拾うロマンに、捨てるロマン


 自分の頭ではいよいよ考えつかなくなり、遂に「マクロ 高速化」という言葉で検索をかけた結果、目の前には想像通り「答え」が並んでいた。

 早速、何件かのサイトを見て回ってみると、共通して書かれている方法があった――それは「画面更新の非表示」である。

 マクロを実行している間、値を設定する度に新しい乱数が生成され、画面上に文字が表示される。このを止めることによって、高速化を図ろうという訳である。

 もちろん、画面の描写を止めても、セルには値が設定されているので、これによって動作がおかしくなるようなことはない。


 実装方法は非常に簡単。

 画面の更新を行う処理の前に「Application.ScreenUpdating = False」と入れるだけ。英語ではあるが、「アプリケーションの画面更新をオフ(False)にする」という意味合いであることは、なんとなく分かるだろう。

(それと同時に、マクロの終わり際に「Application.ScreenUpdating = True」と入れ、設定を元に戻しておく)


 早速、この一文をソースに追加した上で実行を行う。

 今回は結果だけを早く確認したかったので、530000行を3回通り繰り返すにとどめている。

 結果は以下のとおり。


 1回目:19.16秒――ゲド

 2回目:19.03秒――ダモノ

 3回目:19.04秒――ハ


 第2回のレポートの平均実行時間が「21.88秒」だったことを考えると、およそ2.5秒――すなわち一割から一割五分程度の削減となった。

 塵が積もって富士山になるようなこの現状で、「一割」がもたらす影響は決して小さくはない。悪くはないスタートと言えるだろう。

 ただ、「画面を淡々と描写し続ける」というは消えた。アニメや小説の分析シーンで出てくるような画面の明滅が無くなったのである。
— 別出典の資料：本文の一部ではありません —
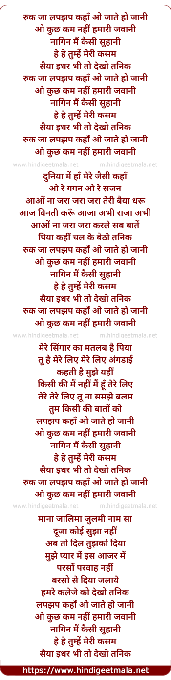 Lyrics of Rukh Jaa Lapjhap Kaha - रुक जा लपझप कहाँ

 そういう実装をしたのだから当たり前なのだが――少しだけ虚しく感じてしまう。


 修正は更に続く。

 セルの値を取得する際に、Rangeを用いていたものについて、Cellsを用いるように変更(言い換えると「範囲」を参照していたものを「セル」を参照するように設定)してみる。

 実行結果は以下の通り。


 1回目:18.89秒――タノャリ

 2回目:18.87秒――ニェメヴ

 3回目:18.93秒――ナプ


 本当に微々たる差ではあるが、早くなっている。

 こんな修正で早くなったりするのか……E〇CEL(というよりマクロ)の仕様は奥が深いなあ。